Segment Start: PROVIDED DATA

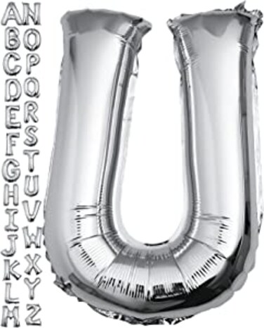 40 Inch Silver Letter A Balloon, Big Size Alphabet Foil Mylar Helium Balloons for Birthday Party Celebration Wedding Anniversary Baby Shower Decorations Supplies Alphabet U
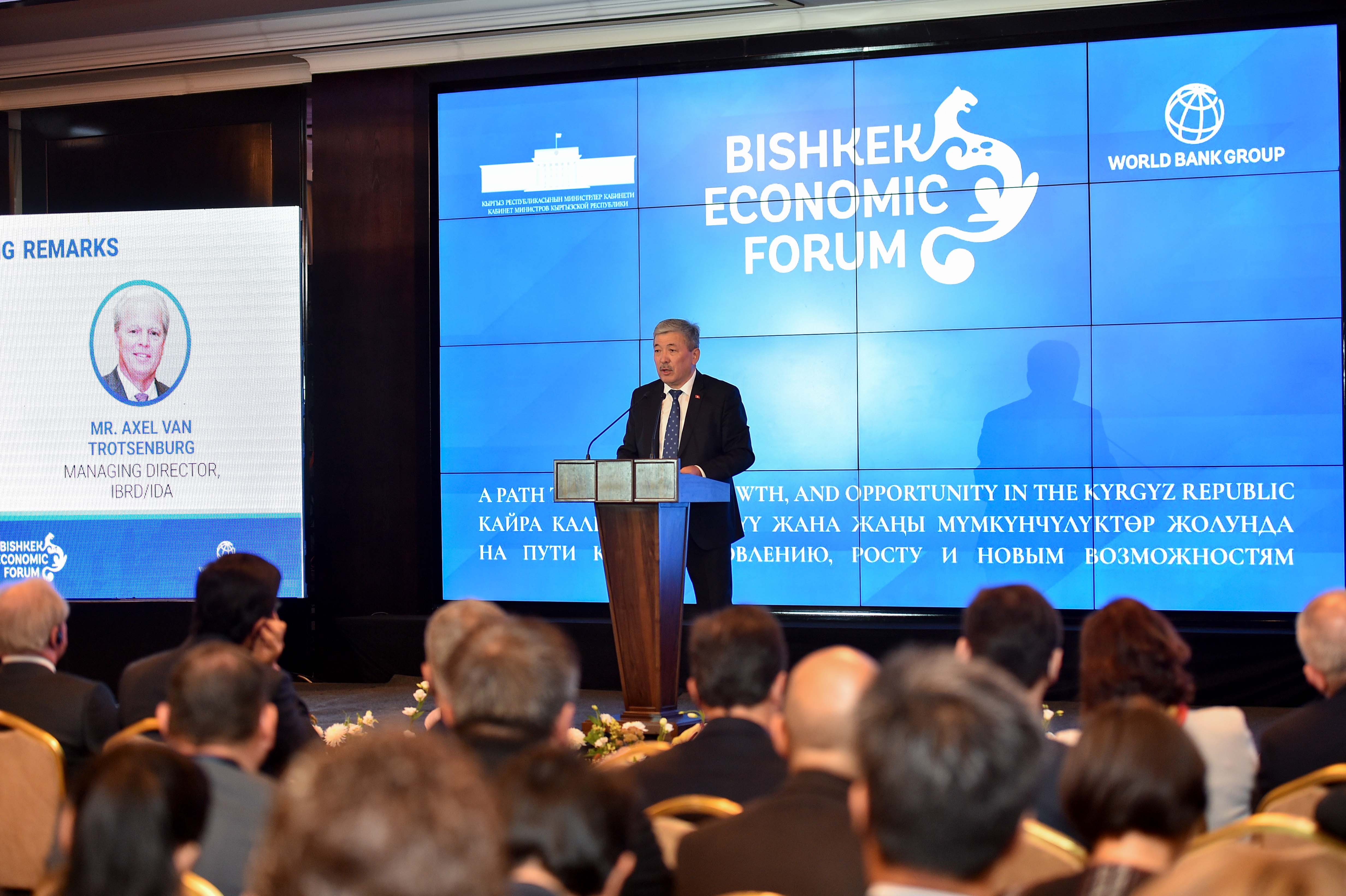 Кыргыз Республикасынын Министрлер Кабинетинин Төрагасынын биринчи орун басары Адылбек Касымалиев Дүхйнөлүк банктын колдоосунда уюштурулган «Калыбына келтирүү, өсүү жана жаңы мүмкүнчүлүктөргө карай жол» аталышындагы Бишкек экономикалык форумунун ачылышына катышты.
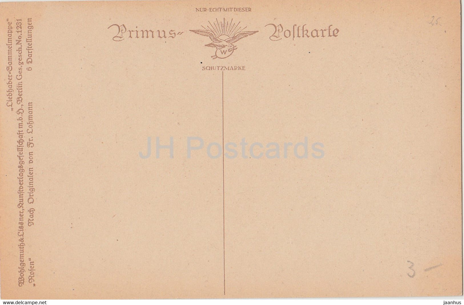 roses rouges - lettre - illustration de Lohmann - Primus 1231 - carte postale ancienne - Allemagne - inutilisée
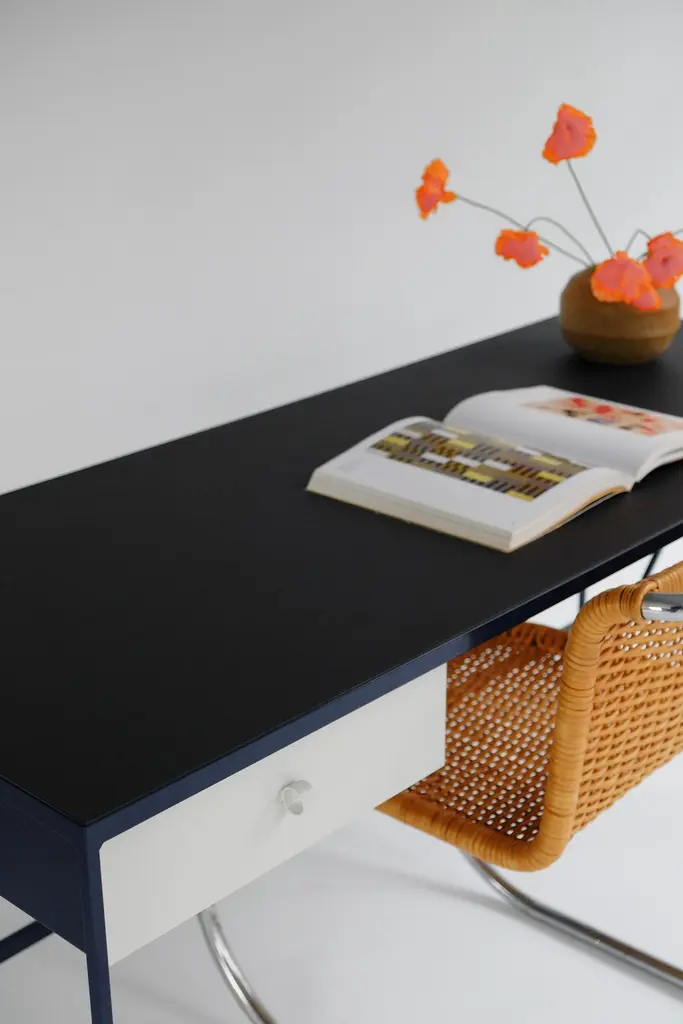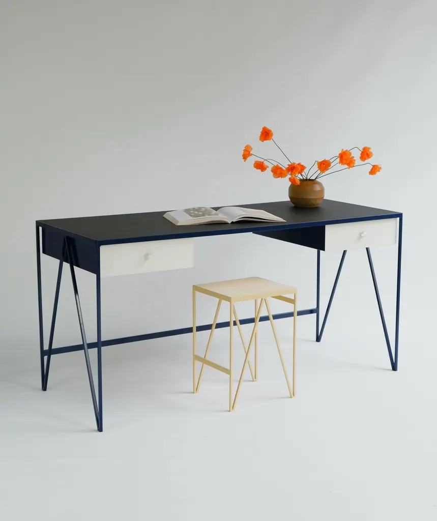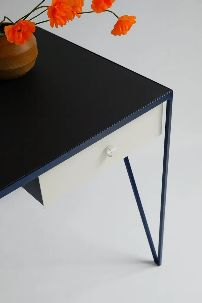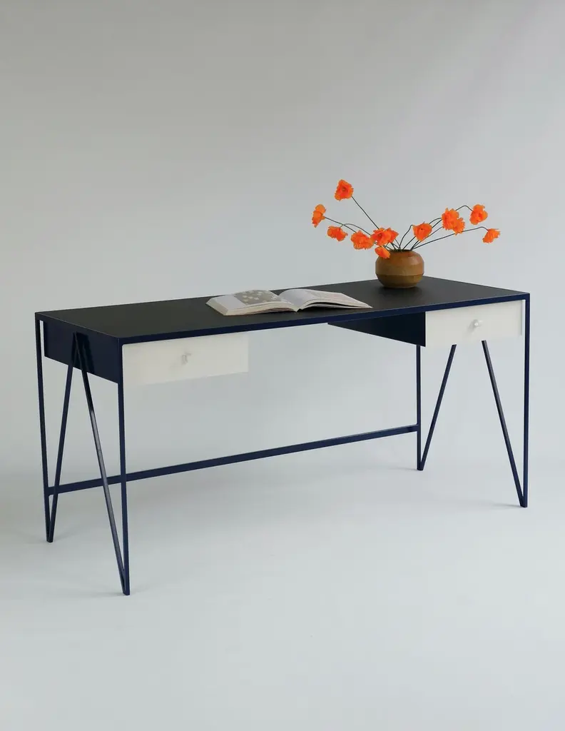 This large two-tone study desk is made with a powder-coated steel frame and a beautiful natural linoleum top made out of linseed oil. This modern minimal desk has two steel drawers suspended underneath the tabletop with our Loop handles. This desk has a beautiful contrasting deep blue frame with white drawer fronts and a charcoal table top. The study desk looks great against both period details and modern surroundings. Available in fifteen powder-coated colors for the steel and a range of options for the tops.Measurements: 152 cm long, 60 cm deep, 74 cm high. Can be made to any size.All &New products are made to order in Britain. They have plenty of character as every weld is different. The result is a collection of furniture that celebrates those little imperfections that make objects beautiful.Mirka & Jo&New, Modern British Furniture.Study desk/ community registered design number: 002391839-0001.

Segment End: PROVIDED DATA
Segment Start: PROVIDED DATA

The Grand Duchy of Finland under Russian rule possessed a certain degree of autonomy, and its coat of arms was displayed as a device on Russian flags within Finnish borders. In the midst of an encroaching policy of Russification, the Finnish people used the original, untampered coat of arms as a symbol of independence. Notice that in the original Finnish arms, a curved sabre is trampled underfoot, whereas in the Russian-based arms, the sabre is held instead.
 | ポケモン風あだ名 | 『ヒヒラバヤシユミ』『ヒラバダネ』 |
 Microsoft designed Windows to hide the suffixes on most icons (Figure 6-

Segment End: PROVIDED DATA

PROMPT: In the listing above, find the line holding "40 Inch Silver" and the line holding "roses rouges - lettre". Reproduce those two lines and all between them exactly, leaving out pictures.

SOLUTION TO THIS EXERCISE:
 40 Inch Silver Letter A Balloon, Big Size Alphabet Foil Mylar Helium Balloons for Birthday Party Celebration Wedding Anniversary Baby Shower Decorations Supplies Alphabet U
 Кыргыз Республикасынын Министрлер Кабинетинин Төрагасынын биринчи орун басары Адылбек Касымалиев Дүхйнөлүк банктын колдоосунда уюштурулган «Калыбына келтирүү, өсүү жана жаңы мүмкүнчүлүктөргө карай жол» аталышындагы Бишкек экономикалык форумунун ачылышына катышты.
 roses rouges - lettre - illustration de Lohmann - Primus 1231 - carte postale ancienne - Allemagne - inutilisée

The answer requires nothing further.